O objetivo da ação era mostrar ao mundo que índios, logo eles, os beneficiados, não apoiavam a criação da reserva. O Governo do Estado fez sua parte no show levando de helicóptero a maioria dos jornalistas da grande mídia para a “frente de batalha” – as fotos de índios pintados para guerra circularam, mensagem entregue, o pessoal da Sodiur foi desmobilizado.

Quando se fala em tirar os brancos e deixar só índios na reserva parece que a tarefa seria como relocar Campinas, Fortaleza ou Camaçari, coisa que teria alto impacto ambiental, social e econômico. Quem pensa assim não conhece Uiramutã e Pacaraima, as cidades Lula poupadas do decreto presidencial para garantir a presença do governo na região.

Uiramutã, quase centenária, de grande só tem o quartel e a prefeitura. Nenhuma farmácia. Seu maior negócio é um supermercado com faturamento mensal de 20 mil, e isso porque o dono compra ouro de garimpos ilegais. A limpeza pública é feita por urubus que varejam as ruas. A segurança está entregue a uma matilha de cães vadios que latem para qualquer forasteiro – todos correm pra janela para vem quem está chegando. Não tem livraria, nem restaurante. Nem calçamento.

Polícia, juiz, promotor e advogado? Ninguém lembra quando foi a última vez que pintaram. Cartório de registro de imóveis é bom não ter, porque papéis, em Roraima, valem tanto quanto o vento – depois da criação da reserva fazendeiros estão negociando entre si títulos de propriedade frios, de olho numa futura indenização pelo governo.

Uiramutã só tem um padeiro.
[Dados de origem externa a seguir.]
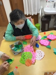 色違いのバラを2枚重ねて、葉も貼りつけて
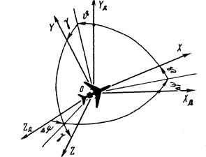 скорости движения самолета относительно воздушной среды, называемой истинной воздушной скоростью. Направление оси OXа скоростной системы координат OXаYаZа совпадает с направлением вектора

E basta. É um ex-soldado que aprendeu o ofício nos seus quatro anos de Exército. Em dia bom vende 60 pãezinhos. Ele é o ex-marido de uma das filhas do cacique dos macuxis, moça que se mudou para a capital cansada da miséria.

As reuniões da Câmara de Vereadores são concorridas, até por falta de lazer. Todos os moradores vão lá assistir. Metade cabe na sala e a outra fica do lado de fora – é costume local oferecer café às galerias.

A família da prefeita Flora Mota é dona do pedaço. O pai dela cuida dos negócios da municipalidade quando ela não está presente – a prefeita mora na capital. O pai conhece pelo nome cada eleitor. Quando algum vereador ousa criticar a filha na Câmara, alguém corre para avisá-lo. Aí ele vai lá, toma a palavra, mesmo sem mandato, rebate tudo.

Os moradores gostam do buraco onde vivem, até porque a maioria é pobre e não tem para onde ir. Se alguém se dispusesse a relocar toda a população da cidade, seria mais fácil do que assentar alguma turma do MST raivoso. Meia dúzia de ônibus e alguns caminhões de mudança fariam o serviço – o problema seria para onde levá-la.

Paracaima, na fronteira com a Venezuela, é um pouquinho maior do que Uiramutã, mas apenas um camelódromo. Tem lá algumas ruas calçadas, mas sua zona urbana está espremida. Começa onde termina a reserva indígena São Marcos, e no maior caos: a porta de entrada é um conjunto de casebres, sucata e caminhões velhos, estes usados para contrabandear gasolina.

As vilas no interiorzão destas cidades, que alguns políticos locais defendem como sendo assentamentos importantes para a soberania nacional, sequer constam dos mapas. Gente que vive na beira daquelas estradas não sabe nem informar onde ficam.